Shares of Knife River Corp (KNF) plummeted 5.74% in pre-market trading on Tuesday following the release of its second-quarter 2025 financial results, which fell short of analyst expectations. The construction materials company reported weaker-than-anticipated earnings and revenue, citing weather-related delays and regional economic challenges.
Knife River's Q2 earnings per share came in at $0.89, significantly below the FactSet consensus estimate of $1.40 and down 35% from $1.37 in the same period last year. Revenue for the quarter rose 3% to $833.8 million, but still missed the analyst consensus of $893 million. The company attributed the underperformance to above-average precipitation, which delayed construction projects, and funding challenges in Oregon that impacted contracting services demand.
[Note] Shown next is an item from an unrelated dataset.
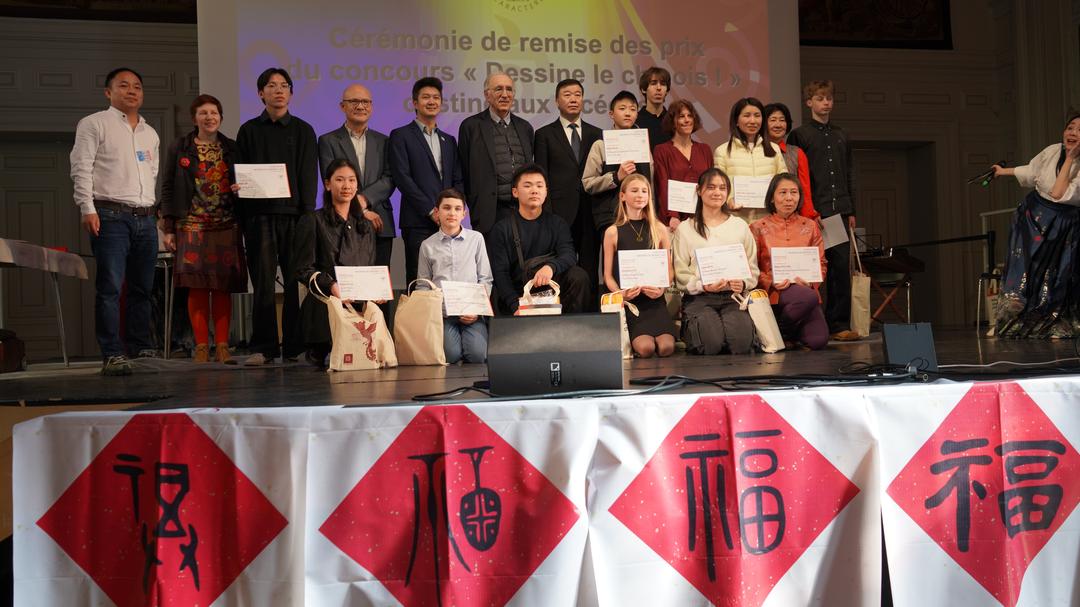 活动期间,白乐桑、周家贵、陈家辉、闭德世等嘉宾共同为汉字画比赛获奖选手颁奖。闭德世介绍,一、二等奖获得者将于今年下半年赴中国学习与体验。活动现场气氛尤为热烈,多个特色展区交相辉映。来自北京的“汉字嘉年华”首次亮相巴黎汉字节,色彩鲜明、互动感十足的展台前人头攒动,参与者在趣味游戏与创意体验中感受汉字结构之美与文化内涵。

In response to the challenging quarter, Knife River revised its fiscal 2025 guidance downward. The company now expects full-year revenue between $3.10 billion and $3.30 billion, down from its previous forecast of $3.25 billion to $3.45 billion. Additionally, the adjusted EBITDA guidance was lowered to a range of $475 million to $525 million. Despite these setbacks, Knife River reported a record backlog of $1.3 billion, which it expects to drive volume growth in the second half of 2025. The company also anticipates high-single-digit price increases for aggregates, potentially offsetting some of the current headwinds.